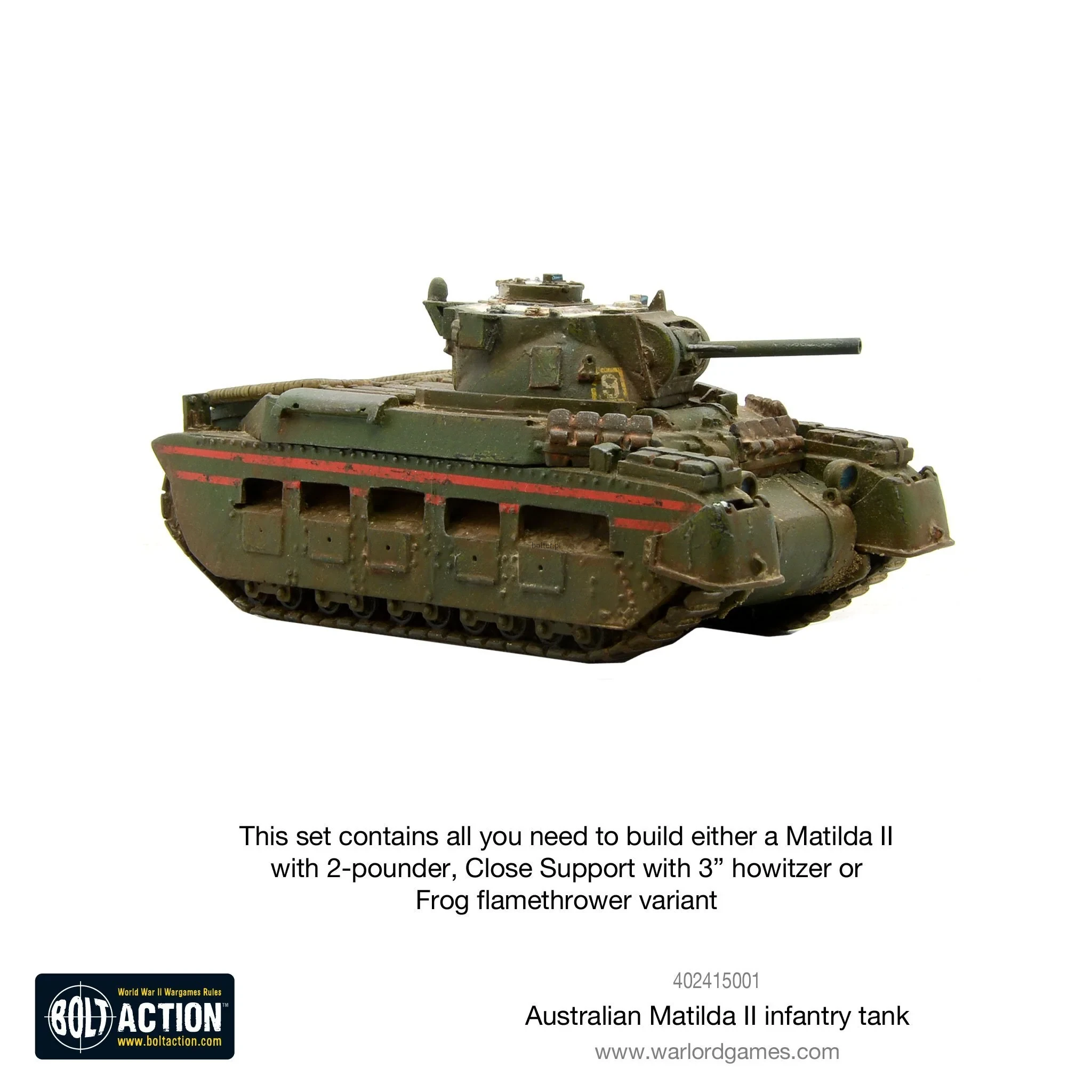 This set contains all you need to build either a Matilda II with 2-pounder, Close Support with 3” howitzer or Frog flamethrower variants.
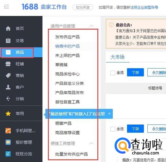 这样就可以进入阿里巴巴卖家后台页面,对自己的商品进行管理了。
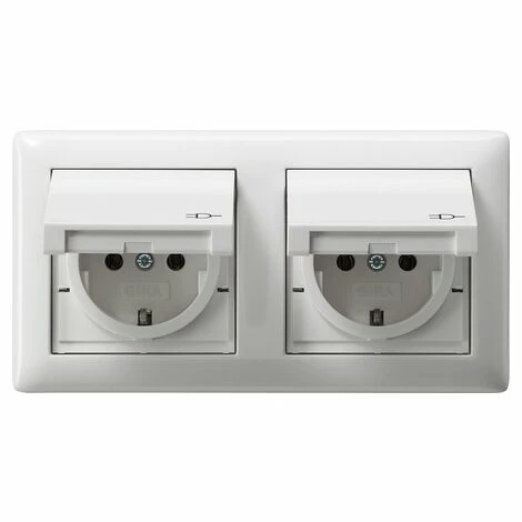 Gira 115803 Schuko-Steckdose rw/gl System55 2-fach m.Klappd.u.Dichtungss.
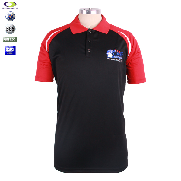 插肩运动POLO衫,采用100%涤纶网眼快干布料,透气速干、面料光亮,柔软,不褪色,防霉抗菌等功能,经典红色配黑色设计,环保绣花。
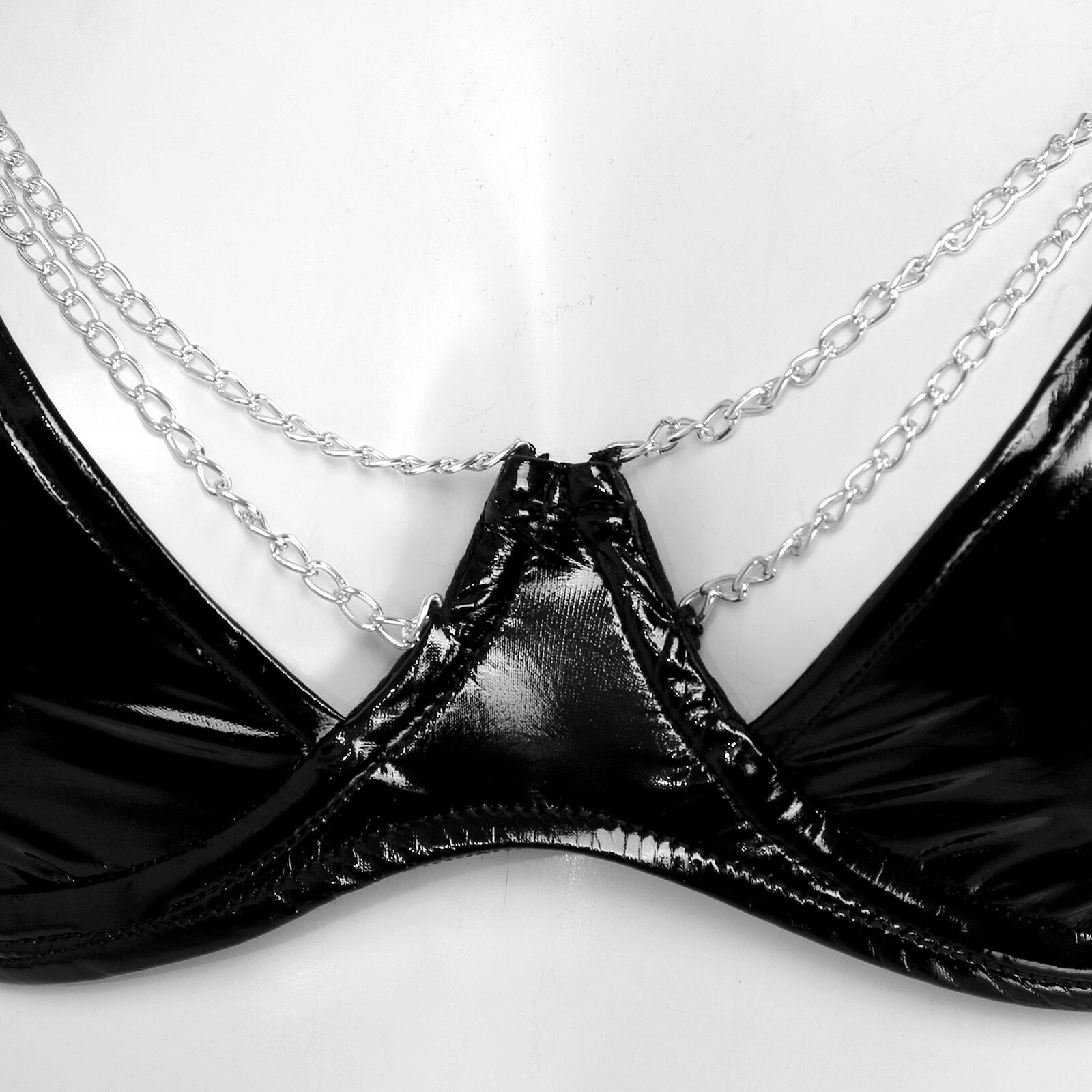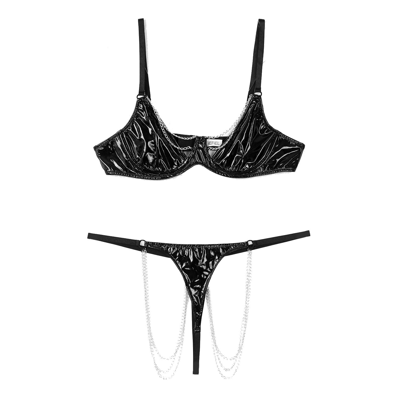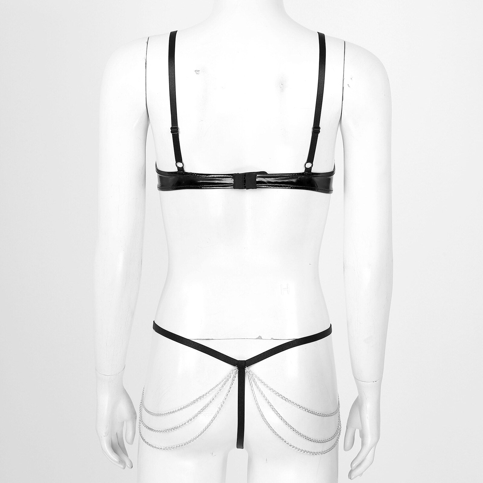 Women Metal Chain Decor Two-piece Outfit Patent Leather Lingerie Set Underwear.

Task description: Reproduce the complete set of records verbatim and omit the pictures.

Task response:
 This set contains all you need to build either a Matilda II with 2-pounder, Close Support with 3” howitzer or Frog flamethrower variants.
 这样就可以进入阿里巴巴卖家后台页面,对自己的商品进行管理了。
 Gira 115803 Schuko-Steckdose rw/gl System55 2-fach m.Klappd.u.Dichtungss.
 插肩运动POLO衫,采用100%涤纶网眼快干布料,透气速干、面料光亮,柔软,不褪色,防霉抗菌等功能,经典红色配黑色设计,环保绣花。
 Women Metal Chain Decor Two-piece Outfit Patent Leather Lingerie Set Underwear.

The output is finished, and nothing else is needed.